All participants were instructed not to discuss the details of their interventions with the other participants to avoid introducing bias. Thirty of 32 participants completed their interventions and agreed to proceed to comparison testing. These participants read the same task descriptions and watched the same exemplar videos before performing their one comparison attempt for each task on the EA/TEF simulator.
All videos collected from both baseline and comparison testing were de-identified using alphanumeric codes and their timestamps were digitally removed to prevent bias based on knowledge of baseline versus comparison status. The de-identified videos (including the baseline videos of the 2 participants who did not complete comparison testing) were marked together by a blinded consultant pediatric surgeon.
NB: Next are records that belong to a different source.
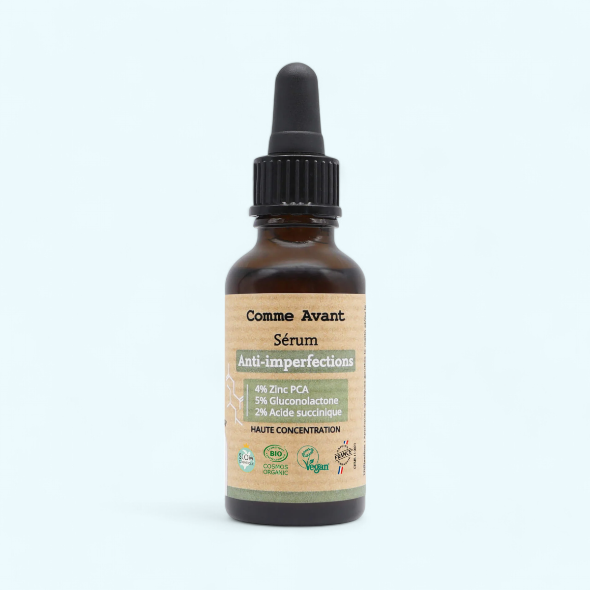 Le Sérum visage anti-imperfections Comme Avant est un soin aqueux fluide et concentré, formulé pour purifier la peau, affiner le grain et réduire l’apparition des boutons des peaux mixtes et grasses.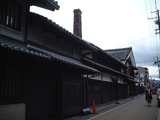 高瀬川沿いの漆喰の白壁と焼板の黒塀 煉瓦の赤い煙突 この街の一角は「白と黒と赤」の時代村。
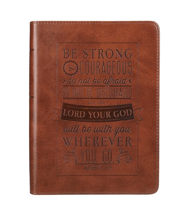 The Be Strong and Courageous Saddle Tan Hany-size Faux Leather Journal will be your personal reminder that God is rooting for you. When life gets us down, we need to hear the words "take courage." We need to know someone is rooting for us. God promises that He will be with you wherever you may go.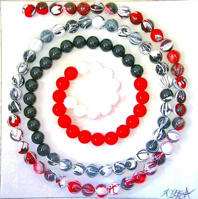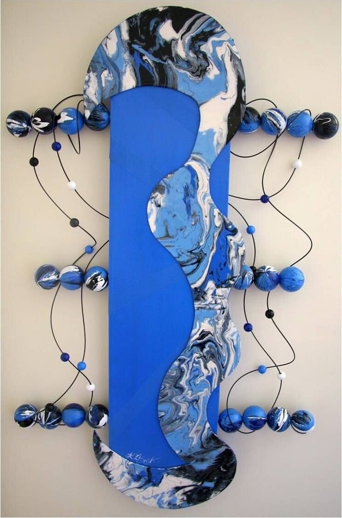 Get super creative and add acrylic pouring to styrofoam balls and thread them with wire and create circular shapes that truely impress. Not all acrylic pours have to be on canvas or boards. Think outside the box!

A modified OSATS score was used, giving each video numeric scores (1, minimum to 5, maximum) for each of time, dexterity, flow of task, spatial orientation, and overall performance of the task. 4 This gave a total possible score of a minimum of 5 to a maximum of 25. During the previous validation study, 1 time was not included in scoring but was included in this study as it was felt to be a potentially important discriminator for the novice surgeons in their skill development. These were then added to give a total score. Pre- and postintervention scores were matched to their original participants and groups to produce the raw data for analysis (Fig. 2). Ethics were reviewed again retrospectively after intervention and no concerns were raised.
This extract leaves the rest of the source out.